I previously introduced the two terms superposition and entanglement. And on a very simple level, you can perfectly describe quantum computers with them. Strictly speaking, however, there is a third term. If you’re not up for more, jump directly to the last paragraph of this article. If you’re curious enough, say hello to "interference".

Anyone who has ever worn noise canceling headphones knows the phenomenon of wave interference. If a colleague from the marketing department is excited to tell me about his daughter's third birthday, but I'm more interested in a Black Sabbath album, wave interference helps me to only let what I feel like listening to into my ears. But interference can also be understood as the exact opposite, i.e. waves are not balanced, but amplified. These extremes are called destructive and constructive interference. With destructive interference, the waves are balanced; with constructive interference, the waves are amplified. Interference effects can be observed on many things, such as light, radio, acoustic, matter, even water waves.

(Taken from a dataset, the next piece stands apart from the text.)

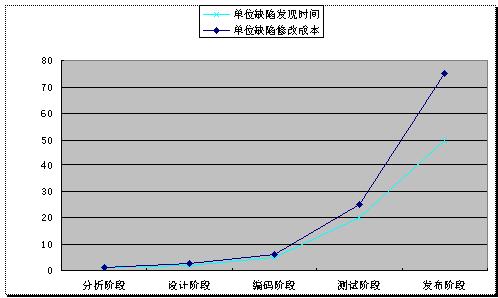 产业界的大量研究(TRW、Nippon Electric和Mitre Corp.以及其它一些公司)表明设计活动引入的错误占软件过程中出现所有错误(和终的缺陷)数量的50%到65%。根据IBM的研究表明,假定在分析阶段发现的错误其改正成本为1个单位的话,那么在测试之前(设计编码阶段)发现一个错误的修改成本约为6.5个货币单位,在测试时(集成测试,系统测试和验收测试)发现一个错误的修改成本约为15个货币单位,而在发布之后(已经交到用户手上)发现一个错误的修改成本约为60到100个货币单位。同样该比例也适用用于发现一个错误需要的时间。我们可以看下面两条曲线图:

Interference can be used to monitor the states of quanta. You can strengthen the states that you need for information processing and cancel those that you don't need. Interference is something like the boss of the rebellious quanta. Quanta are unpredictable and are reluctant to being determined (superposition), and if they do fraternize (entanglement), this does not follow any superordinate plan, any purposeful structure. That' s interference's job.

This kind of rock star

Interesting fact, Einstein never received the Nobel Prize for his theory of relativity (with which the very great can be described), but for his investigations of the very small (more precisely for his discovery of the law of the photoelectric effect). It is probably no exaggeration to say that the quantum, this annoying little fella, has been the rock star of physics from the 20th century to the present day.

And that we can't understand the quantum with common sense has only increased its market value. This rock star sells concert tickets like crazy, where respected physicists faint like hysterical, screaming groupies. Another Nobel Prize winner, the German physicist Max Born, once complained about the passive aggressive attitude of this rock star in a letter to Einstein: “The quanta really are a hopeless mess!” (in German: “Schweinerei”). Which was just a 20th-century-style of saying:

born

Now, are there any more question marks in your head? Then wait for the second part of this article, titled "Quantum Computers: What They Can (and What They Can Not)". In it, I will show practical use cases, tell you what a "qubit" is all about, and reveal the greatest myths that exist about quantum computers.

Remember, to really understand quantum mechanics, you'd have to be an absolute alien. We humans cannot understand it like classical, tangible physics. However, after the second article at the latest, you should be able to really show off in an intellectual conversation with your drunken friends – otherwise I failed my job.